FIA WTCC Race of Brazil

Race information
- Number of times held: 7
- First held: 2006
- Last held: 2012
- Most wins (drivers): Yvan Muller (4)
- Most wins (constructors): SEAT (6)

Last race (2012)
- Race 1 Winner: Yvan Muller; (Chevrolet);
- Race 2 Winner: Robert Huff; (Chevrolet);

= FIA WTCC Race of Brazil =

The FIA WTCC Race of Brazil was a round of the World Touring Car Championship, it was held at the Autódromo Internacional de Curitiba near the city of Curitiba in the Brazilian state of Paraná.

The race was run every year between 2006 and 2012. It was the fifth round of the 2006 season, running in July, although it was then run in March as the opening round of the season every year since 2007. The race was sponsored by HSBC from 2006 until 2010. The 2011 Race of Brazil had originally been scheduled to be held at the Autódromo José Carlos Pace in São Paulo but reverted to Curitiba a month before the event owing to renovation works being carried out at the Interlagos circuit.
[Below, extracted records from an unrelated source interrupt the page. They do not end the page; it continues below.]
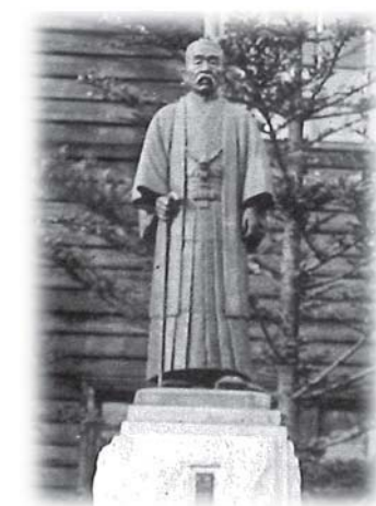
岩村田中学校に建立された寿像 この像は戦争中に供出されてしまい、現在岩村田高校内に立つ像は平成2年に再建されたものである。 （昭和17年度岩村田中学校卒業アルバムより）
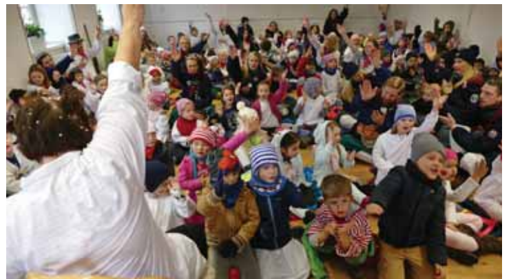
Jede Menge Narrensamen im Opfinger Rathaus
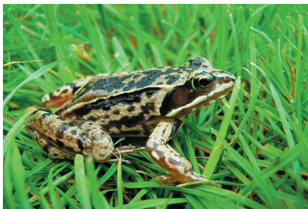
Żaba trawna - przedstawiciel żab brunatnych

13. Żaba trawna Rana temporaria - w typowych dla siebie siedliskach jest najpospolitszym gatunkiem spośród żab brunatnych na opisywanym obszarze.

A Brazilian round was published on the schedule for the 2013 season published in December 2012, however in March 2013 a revised calendar was released with the Brazil round replaced by two TBA events. A slot on the 2013 calendar was kept open for a Brazilian round in the event a round could not be held in Argentina with the hope that both events would be run in 2014. In June 2013 it was confirmed that the Brazilian event would be replaced on the 2013 schedule by the 2013 FIA WTCC Race of Argentina.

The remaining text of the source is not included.